__What to work on__:
In the entries that follow, find the line containing "学生骨干和志愿者们提前发放迎" and the line containing "25-ton pintle hitch, Factory", then retype exactly the lines from the first through the second, pictures excluded.

__Source information__:
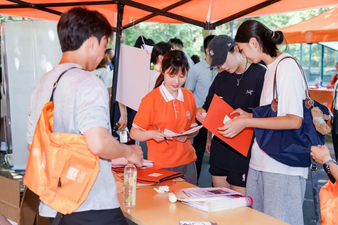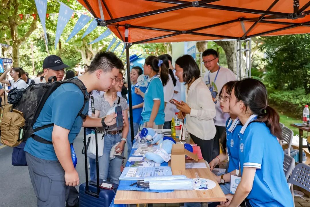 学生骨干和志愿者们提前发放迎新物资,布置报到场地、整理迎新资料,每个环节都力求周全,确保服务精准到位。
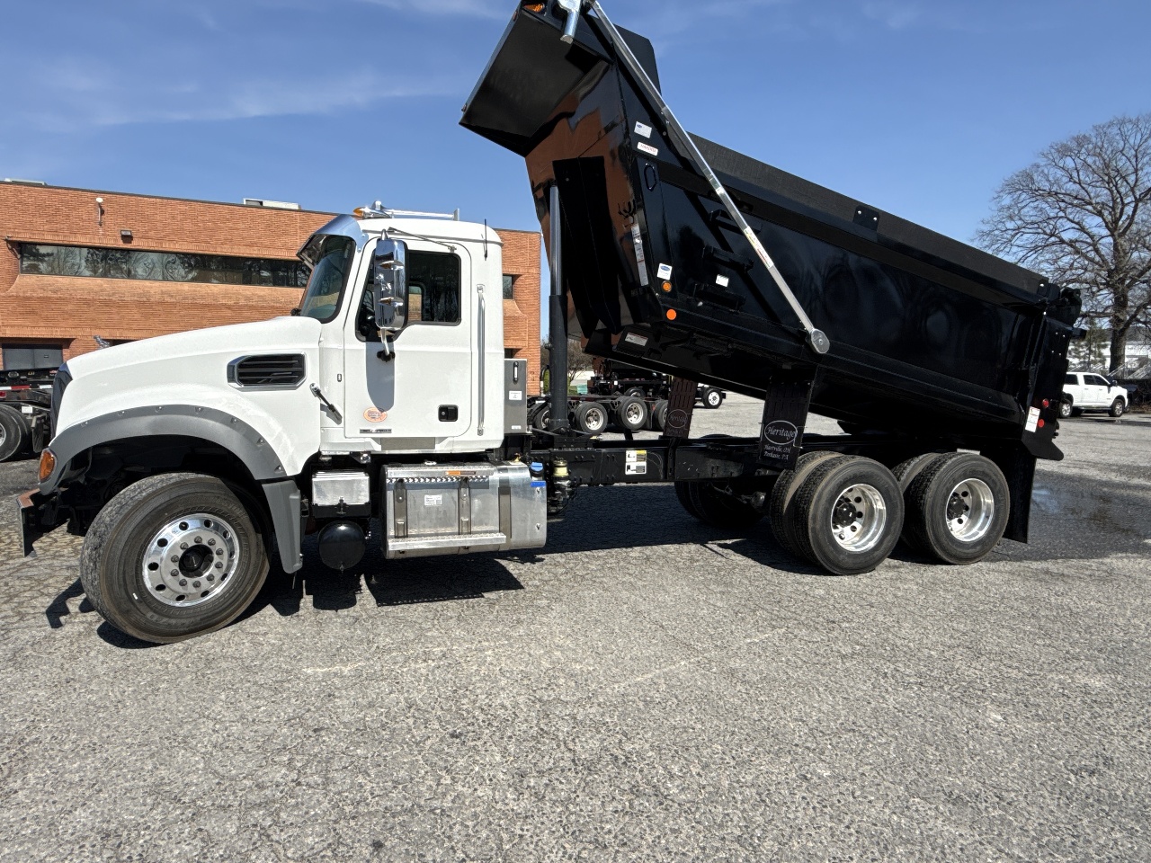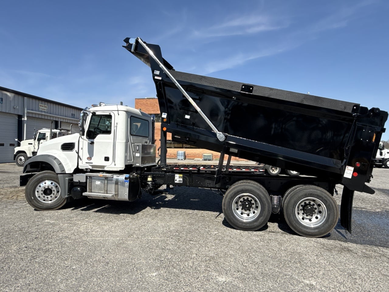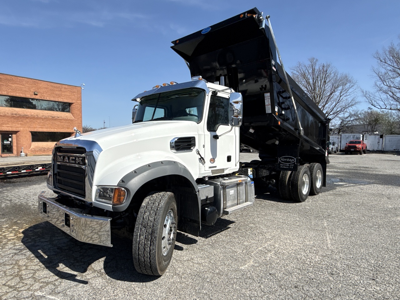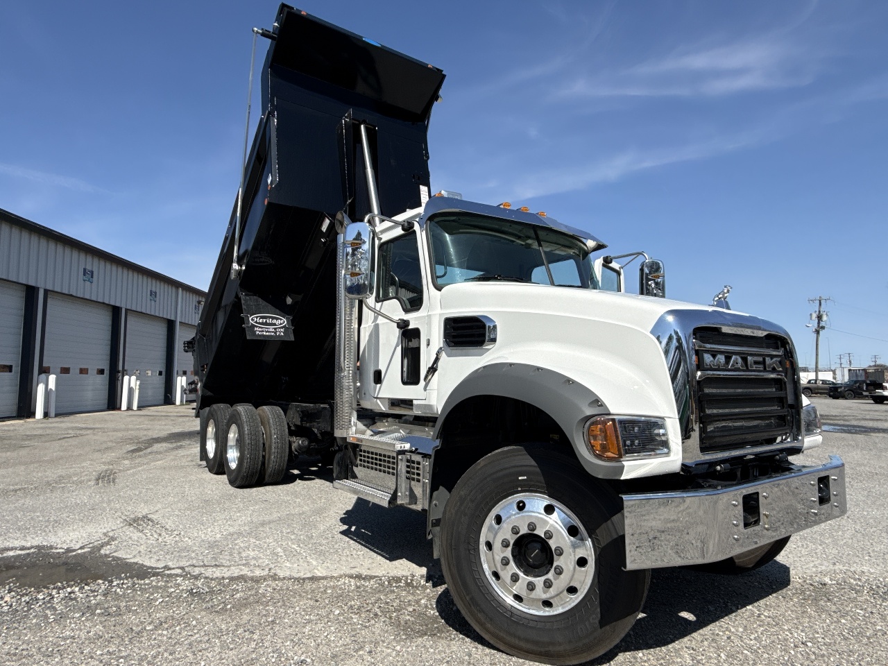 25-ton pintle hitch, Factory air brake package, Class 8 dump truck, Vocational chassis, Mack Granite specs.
--
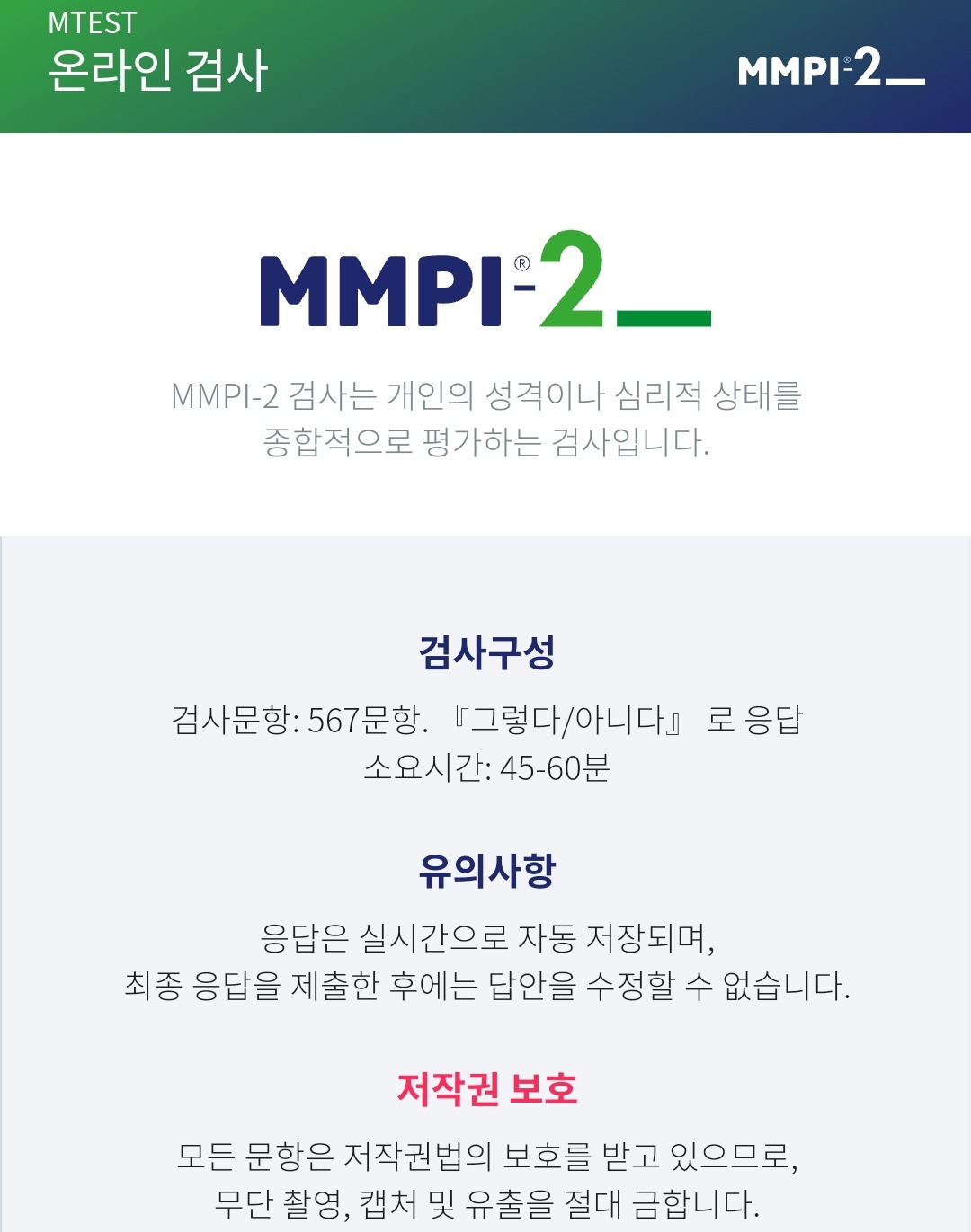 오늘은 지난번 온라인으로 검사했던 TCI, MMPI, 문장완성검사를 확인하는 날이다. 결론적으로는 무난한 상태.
---
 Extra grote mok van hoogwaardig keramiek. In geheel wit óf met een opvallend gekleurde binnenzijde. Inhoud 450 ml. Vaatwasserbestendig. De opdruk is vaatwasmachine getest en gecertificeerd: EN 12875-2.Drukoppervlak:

__Solution to this exercise__:
 学生骨干和志愿者们提前发放迎新物资,布置报到场地、整理迎新资料,每个环节都力求周全,确保服务精准到位。
 25-ton pintle hitch, Factory air brake package, Class 8 dump truck, Vocational chassis, Mack Granite specs.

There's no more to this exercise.